REINZ to examine data
More should be done to provide accurate data on what is happening in the housing market, commentators say.
Thursday, May 1st 2014, 12:00AM
by Susan Edmunds
Alistair Helm, of website Properazzi, said it seemed that some market participants did not to want to reveal accurate information. “My view is that the loan-to-value rules have had more impact than some people are wanting to admit and it’s making a mockery of the data.”
There was no data available that accurately compared the prices of similar properties over time, he said. “What we’re seeing at the moment is dumb reporting. The institute is saying prices are growing and our members are happy, but no one knows the true figures… It annoys me that they’re not really helping the industry.”
The Real Estate Institute had access to much more detailed information than it produced each month, he said.
“Even without changing any collection process they could today provide far more accurate and valuable information on property prices. One of the fundamental problems with their data reporting is that they aggregate all property types together - be it a one-bedroom unit, a studio apartment, a five-bedroom home or a 20 hectare lifestyle property.”
He said there was no data in New Zealand that accurately compared similar properties’ prices each month.
There are two main indexes used to monitor price movements – Quotable Value’s, which reported nationwide prices up 0.1% over the past three months, and the Real Estate Institute’s House Price Index, which was up 3.4% in March compared to April.
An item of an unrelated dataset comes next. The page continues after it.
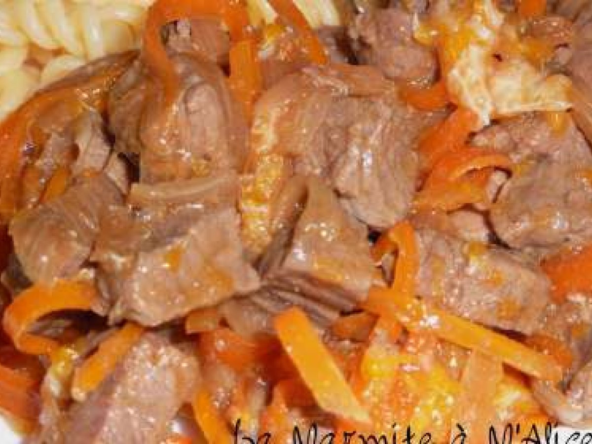 Sauté de boeuf aux clémentines et cumin Platfacile35 min310 Kcal Envoyer cette recette à un ami Imprimer cette page Poser une question à l'auteur Publier votre photo de cette recette Ingrédients 4 500 g de filet de boeuf 1 gros oignon 1 grosse échalote 6 clémentines 1 carotte 4 cuillères à café de beurre à 40% de matière grasse 1 cuillère à café de cumin en poudre 2 cuillères à soupe de miel 2 cuillères à soupe de sauce soja 1 cuillère a café de gingembre en poudre 20 cl d'eau 1 tablette de bouillon de boeuf Sel et poivre Coût estimé: 9.59Euros€ (2.4€/part)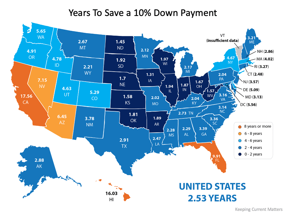 What if you’re able to take advantage of one of the 3% down payment programs available? It’s a common misconception that you need a 20% down payment to buy a home, but there are actually more affordable options and down payment assistance programs available, especially for first-time buyers. The reality is, saving for a 3% down payment may not take several years. In fact, it could take less than a year in most states, as shown in the map below:

Westpac chief economist Dominick Stephens said neither was giving an accurate indication of what was happening to prices. “The REINZ’s house price index measures average selling prices within each suburb, so it does adjust for where houses are selling.”
He said that was normally enough but the loan-to-value restrictions had changed the composition of the market so much, particularly in Auckland, that it did not seem to be giving an accurate reading. “The HPI will be rising faster than the true trend in house prices.”
He said Quotable Index gave better information, comparing sales prices to current valuations, but it was about three months older, because it only records when sales have settled and a technical glitch could have affected its March data.
“Both [indexes] are perhaps not telling us the full story right now.”
REINZ chief executive Helen O’Sullivan said it was possible that there had been some impact on the house price index because of the change in the proportion of sales under $400,000.
“[But] the bigger impact on the HPI in March was that, Auckland, with its higher median prices, increased from being around 30% of the sales to being 36% of the sales. The HPI is not an average,, it is a median, and when Auckland with its higher prices represents a higher proportion of the total of the sales it can have an impact on the HPI measure nationally, even though the component parts didn't increase by the same margin.”
She said REINZ would do some analysis in the next few weeks to see if it could adjust for the possible impact the change in the composition at the lower end of the market was creating.